Riella, la rete di complici del fuggitivo tra soldi, amiche e falsari

Gravedona Prima di abbandonare il Comasco a metà giugno il fuggitivo avrebbe ricevuto migliaia di euro. Tradito dalle telefonate partite da due utenze serba e montenegrina e ricevute da una donna dell’altolago

Di Massimo Riella si diceva che avrebbe potuto nascondersi anni nei suoi boschi, ma in pochissimi avrebbero scommesso qualcosa sulla sua capacità di mettere in piedi un piano di fuga come quello stroncato dal lavoro del Nucleo investigativo della Polizia penitenziaria e dei carabinieri del nucleo investigativo di Menaggio. Eppure dietro al viaggio dal Lario al Montenegro, da dove il fuggitivo sognava di salpare alla volta del Nord Africa prima e del Sud America poi, si scorge una rete di fiancheggiatori che ha quasi del clamoroso.

Iniziamo dalla fine. Ovvero da quella casa alla periferia di Podgorica dove sabato poco prima delle 22 i poliziotti del Montenegro hanno fatto irruzione, facendo scattare le manette ai polsi di Riella. Una cosa ben nota agli investigatori di quel Paese, visto che chi ha dato - dietro il pagamento di somme di denaro - ospitalità al fuggitivo comasco è un uomo che si trovava agli arresti domiciliari.

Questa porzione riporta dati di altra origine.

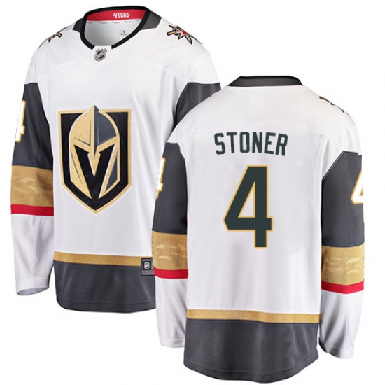 Home>NHL>Vegas Golden Knights>Clayton Stoner>Men's Vegas Golden Knights #4 Clayton Stoner Authentic White Away Fanatics Branded Breakaway NHL Jersey

A quella casa e a quell’indirizzo, i detective dell’investigativa della polizia penitenziaria sono arrivati grazie all’incrocio dei dati catturati grazie alla rete cellulare. Di Riella si erano perdute le tracce poco prima della metà di giugno. Quando gli inquirenti hanno iniziato a comprendere che, con ogni probabilità, l’evaso accusato di aver rapinato in casa e picchiato due novantenni, non si trovava più negli amati boschi dov’era solito fare del bracconaggio. Ma soltanto l’ultima settimana di giugno si è capito dove si trovava: in Montenegro, per l’appunto. Tra i vari contatti costantemente monitorati, gli investigatori hanno intercettato le chiamate con una donna con cui in passato lo stesso Riella avrebbe avuto più di un rapporto d’amicizia. Quei contatti provenivano prima da un’utenza serba, quindi da un numero montenegrino. Si è anche capito che lo stesso Riella, per la sua fuga, avrebbe potuto contare su un discreto quantitativo di contanti, forse diverse migliaia di euro ricevuto da qualcuno prima della partenza. Soldi che da un lato gli avrebbero consentito di trovare un passaggio - anche se lo stesso fuggitivo avrebbe percorso parte del suo itinerario alla volta dei Balcani a piedi e addirittura in bicicletta - ma che soprattutto lo avrebbero aiutato nel pagarsi ospitalità presso contatti in Serbia prima e a Podgorica poi avuti direttamente dall’Italia.

I documenti falsi

E qui in Italia si stava muovendo, sempre dietro pagamento di denaro, un’altra rete di conoscenze: quella che avrebbe consentito a Riella di ricevere un passaporto falso, così da riuscire a imbarcarsi su una nave verso un porto che non avesse accordi di estradizione con l’Italia. Suo malgrado, il Montenegro ha un accordo bilaterale siglato nel 2015 che prevede la possibilità di estradizione. Come non bastasse, proprio in questi giorni l’ufficio esecuzioni del Tribunale di Milano ha annullato la sospensione condizionale di una precedente pena ricevuta per il furto di 260 metri quadrati di parquet. La permanenza in carcere dell’uomo chiamato Petit, insomma, rischia a questo punto di protrarsi a lungo.